─── Exercise data
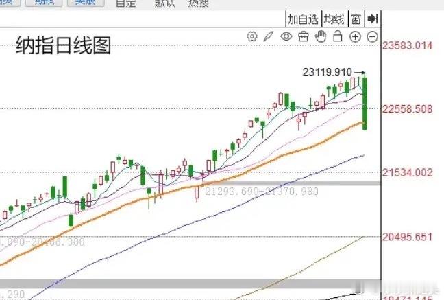 昨天晚上美股三大指数全线大幅度的调整,其中纳斯达克指数跌幅3.56%,创下了纳指自4月底上升波段以来的最大的单日大阴线。同时标普指数跌2.71%,道琼斯指数跌1.9%。美股三大指数都走出了“断头铡刀阴线”。大家请看图一,以纳斯达克指数为例,纳斯达克指数一根阴线杀穿了4根重要的均线,是典型的铡刀阴线走势。
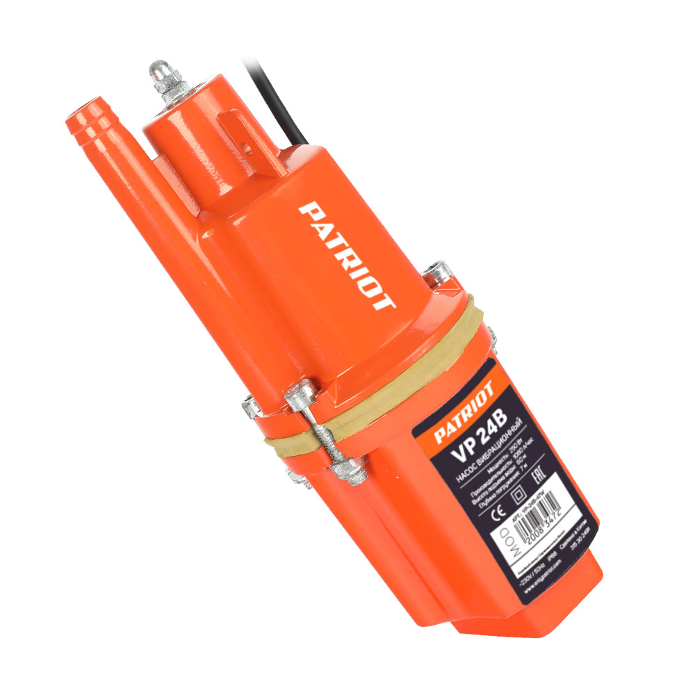 300 Вт, 18 л/мин, 1.1 м3/час, глубина погружения 7 м, 6 бар, напор 70 м, диаметр 19 мм, 3/4 quot; патрубок, вибрационный, верхний забор воды, обмотка двигателя из алюминия, защита от сухого хода и перегрева, кабель 24 м
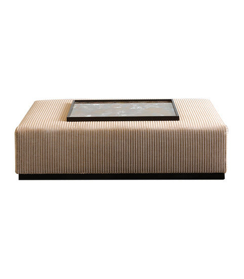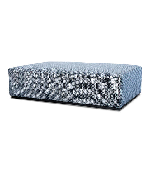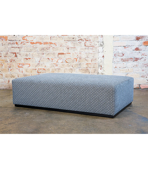 Upholstered ottoman with wooden plinth base. Fabric wraps over with capped ends.
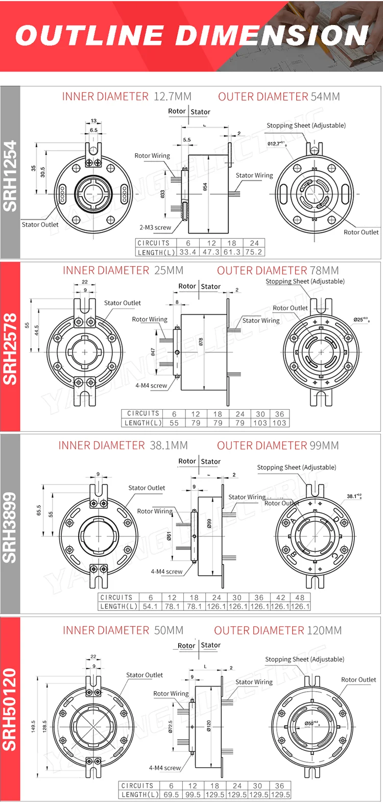 Anello Di Contatto Elettrico Ad Alta Potenza 3 Circui 30A Contatto rotante in oro e oro: il contatto rotante è dorato, garantendo una durata estremamente lunga. Ampia gamma di applicazioni: adatto per PTZ, apparecchiature di prova elettriche, tavole rotanti, apparecchiature, apparecchiature di monitoraggio della sicurezza CCTV e molto altro ancora. L'anello conduttore è progettato con una scanalatura a V ad angolo di 90 gradi per una rotazione delicata, una bassa coppia e un basso rumore elettrico Rotazione fluida a 360° e illimitata: consente una rotazione fluida e illimitata, soddisfacendo i requisiti per la trasmissione di immagini e dati.
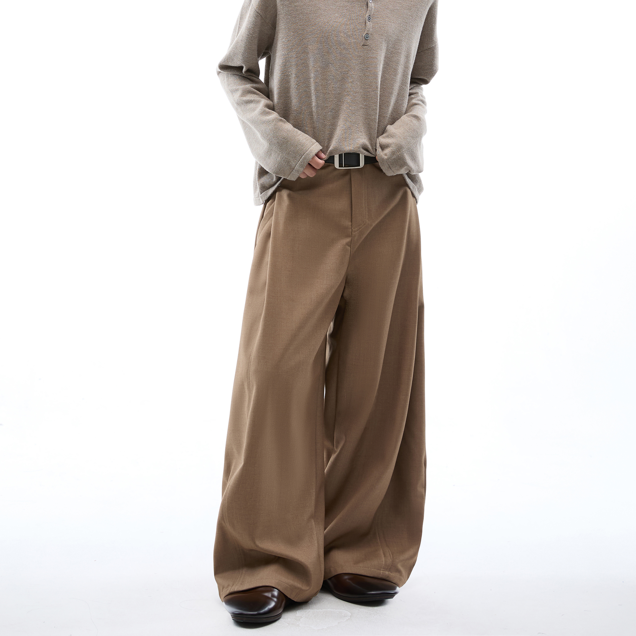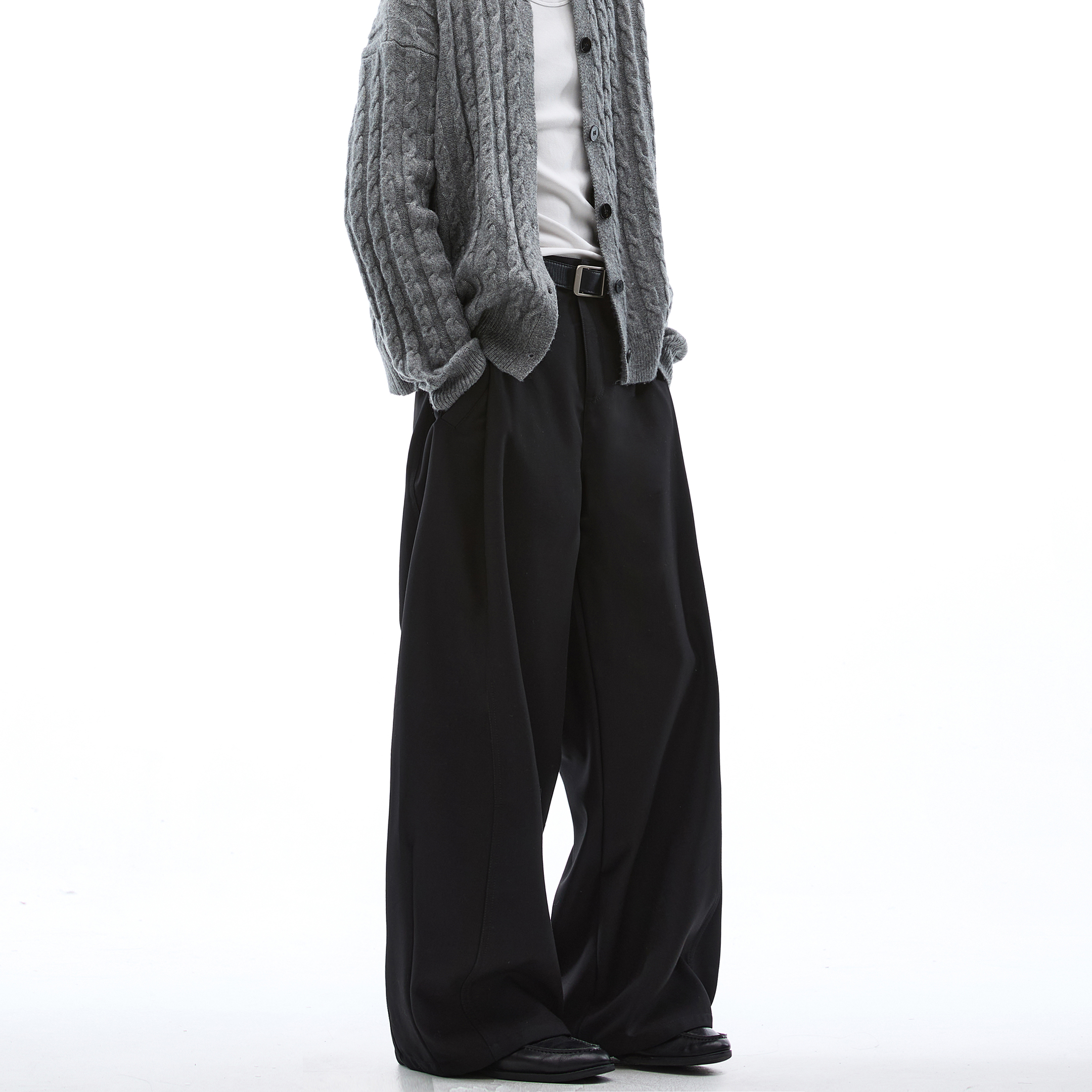 复古分割抽褶直筒休闲裤 裤 女秋季 宽松垂感情侣阔腿西装 子 新款 美式
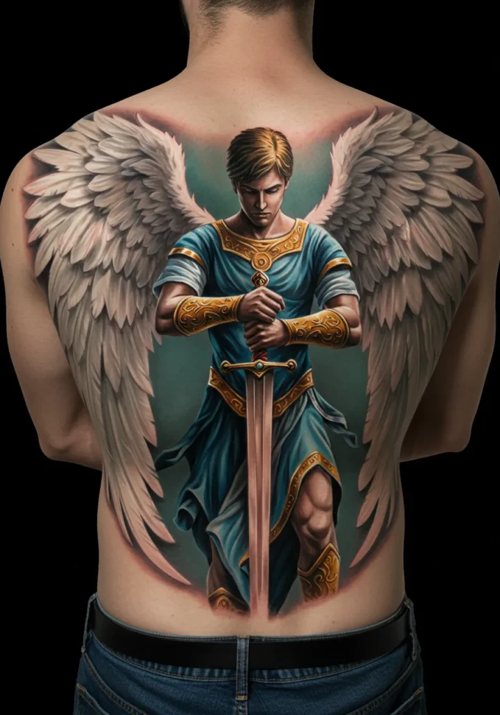This full back tattoo features a striking archangel in vivid teal-blue robes, standing firm with both hands resting on a long gleaming sword. His feathered wings stretch across the back in soft gradients of white, cream, and grey, giving the whole design a dreamy sense of movement. Golden armor wraps around his wrists, shoulders, and chest, with ornate detailing that feels fit for royalty. His expression is focused and calm, and the subtle glow behind him adds an ethereal, protective energy to the entire piece.
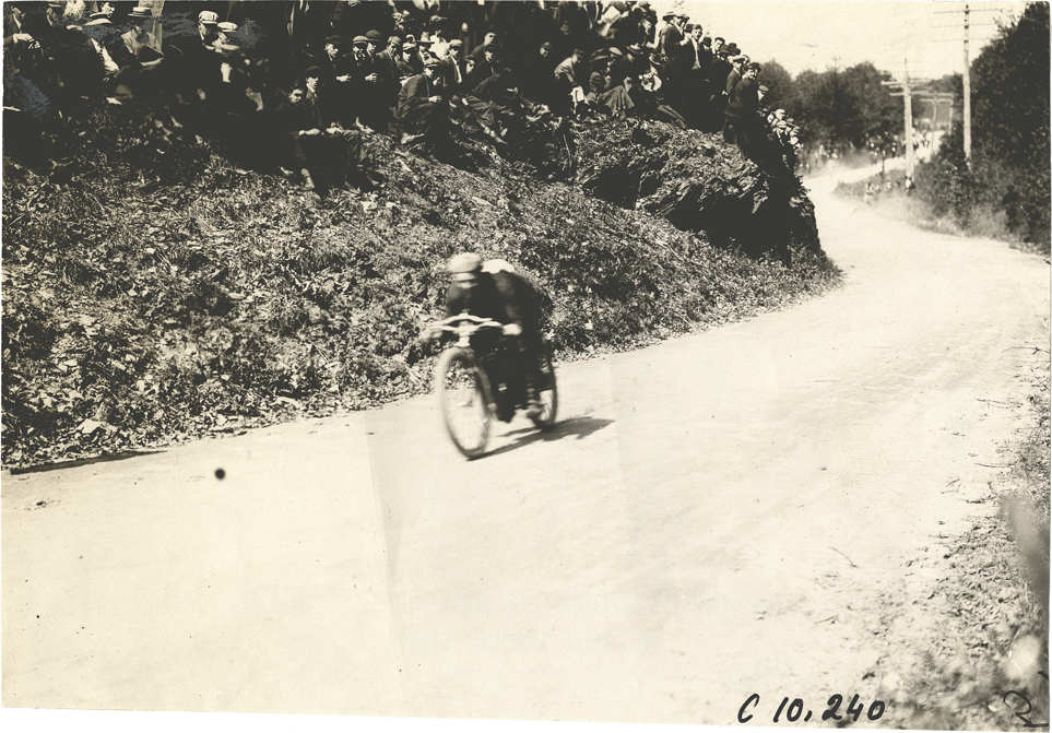 View of James F. Cox racing Indian motorcycle at 1909 Shingle Hill Climb in West Haven, Connecticut. Spectators watch from roadside. Stamped on back: "Spooner & Wells, Inc., photographers, telephones 3472-3473 Columbus, 1931 Broadway, New York." Handwritten on back: "Hill Climbs--Shingle Hill Climb, 1909. Jas. F. Cox, Indian motorcycle, winner of Class A & B events at Shingle Hill Climb, West Haven, Conn., 5/29-09. Gen. view of course."
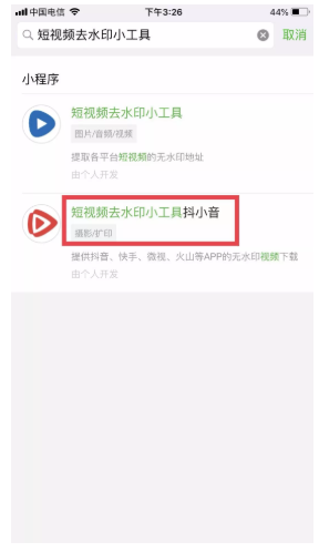 打开微信,进入小程序,搜索“短视频去水印小工具”,我们选择第二个,如图。
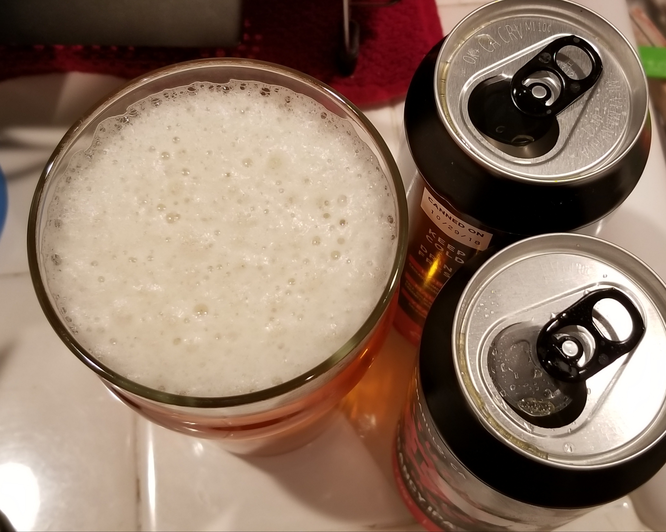 First off, this beer has a beautiful color. And, if you choose to purchase some and bring it home from the tasting room, the only options are a growler, or 4 pack of 16oz. cans! 16 ounces each? Don't mind if I do!
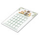 Vattenfärgsdjur Skogsdjur Anteckningsblocket Baby Shower Bingo Lakan. Baby djur omfattar Bear, Hjort, Moose, Raccoon, Bunny Rabbit, Fox och Uggla på eukalyptus löv och skogsgreenergi.
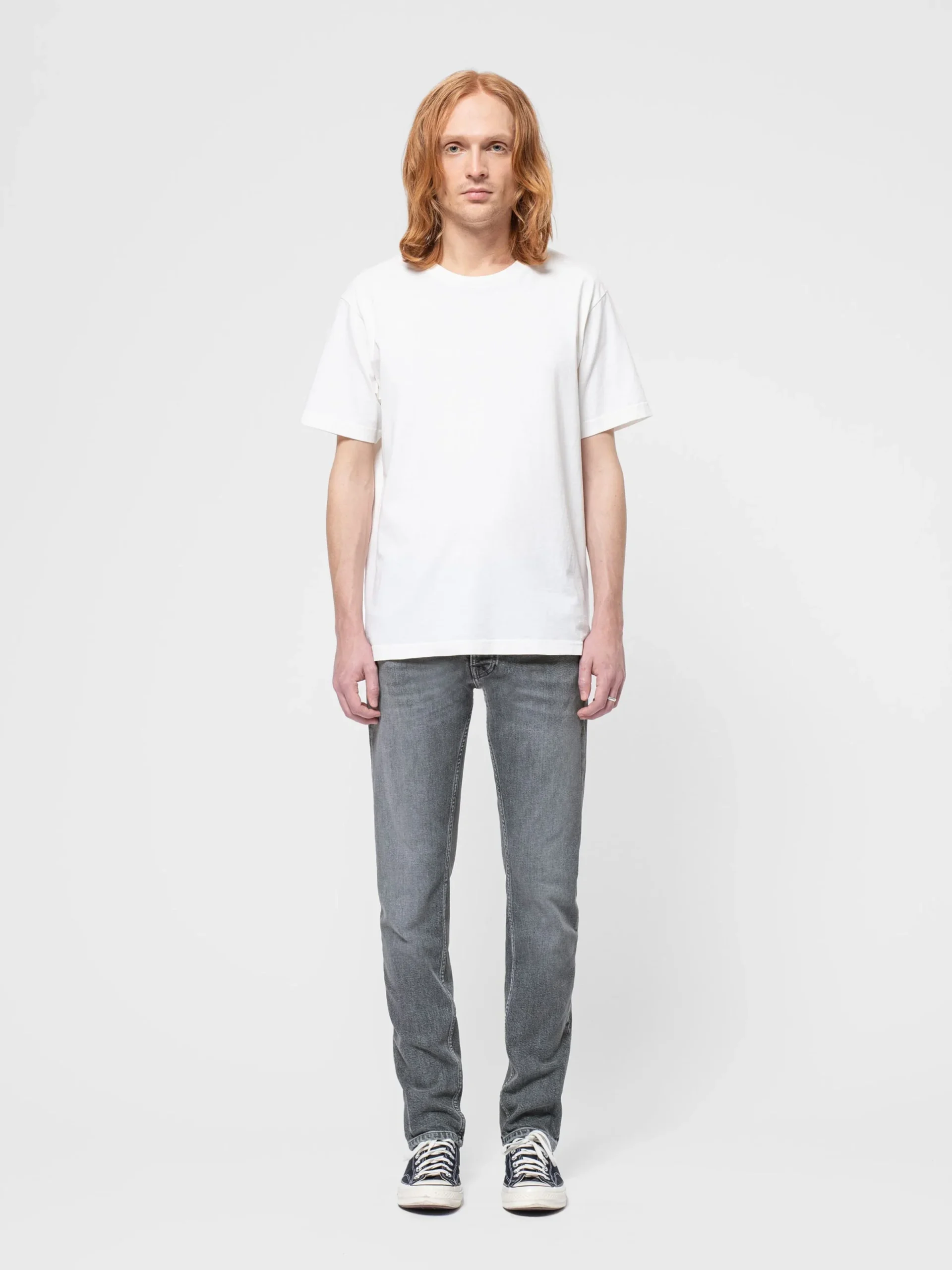 Jean slim à jambe droite dans un délavage gris clair raffiné, avec un aspect usé subtil et une nuance de gris parfaite. Habilement confectionné en denim extensible, ce jean présente une texture impressionnante et des détails soignés. Le doux aspect usé, complété par des reflets lumineux, contribue à la richesse du monochrome qui le distingue.
──────
#### Task statement
Starting at the line that holds "复古分割抽褶直筒休闲裤 裤 女秋季 宽松垂感情侣阔腿西装 子 新款 美式", copy each line exactly through the end of the material above, keeping both ends and dropping the pictures.

#### Written response
 复古分割抽褶直筒休闲裤 裤 女秋季 宽松垂感情侣阔腿西装 子 新款 美式
This full back tattoo features a striking archangel in vivid teal-blue robes, standing firm with both hands resting on a long gleaming sword. His feathered wings stretch across the back in soft gradients of white, cream, and grey, giving the whole design a dreamy sense of movement. Golden armor wraps around his wrists, shoulders, and chest, with ornate detailing that feels fit for royalty. His expression is focused and calm, and the subtle glow behind him adds an ethereal, protective energy to the entire piece.
 View of James F. Cox racing Indian motorcycle at 1909 Shingle Hill Climb in West Haven, Connecticut. Spectators watch from roadside. Stamped on back: "Spooner & Wells, Inc., photographers, telephones 3472-3473 Columbus, 1931 Broadway, New York." Handwritten on back: "Hill Climbs--Shingle Hill Climb, 1909. Jas. F. Cox, Indian motorcycle, winner of Class A & B events at Shingle Hill Climb, West Haven, Conn., 5/29-09. Gen. view of course."
 打开微信,进入小程序,搜索“短视频去水印小工具”,我们选择第二个,如图。
 First off, this beer has a beautiful color. And, if you choose to purchase some and bring it home from the tasting room, the only options are a growler, or 4 pack of 16oz. cans! 16 ounces each? Don't mind if I do!
 Vattenfärgsdjur Skogsdjur Anteckningsblocket Baby Shower Bingo Lakan. Baby djur omfattar Bear, Hjort, Moose, Raccoon, Bunny Rabbit, Fox och Uggla på eukalyptus löv och skogsgreenergi.
 Jean slim à jambe droite dans un délavage gris clair raffiné, avec un aspect usé subtil et une nuance de gris parfaite. Habilement confectionné en denim extensible, ce jean présente une texture impressionnante et des détails soignés. Le doux aspect usé, complété par des reflets lumineux, contribue à la richesse du monochrome qui le distingue.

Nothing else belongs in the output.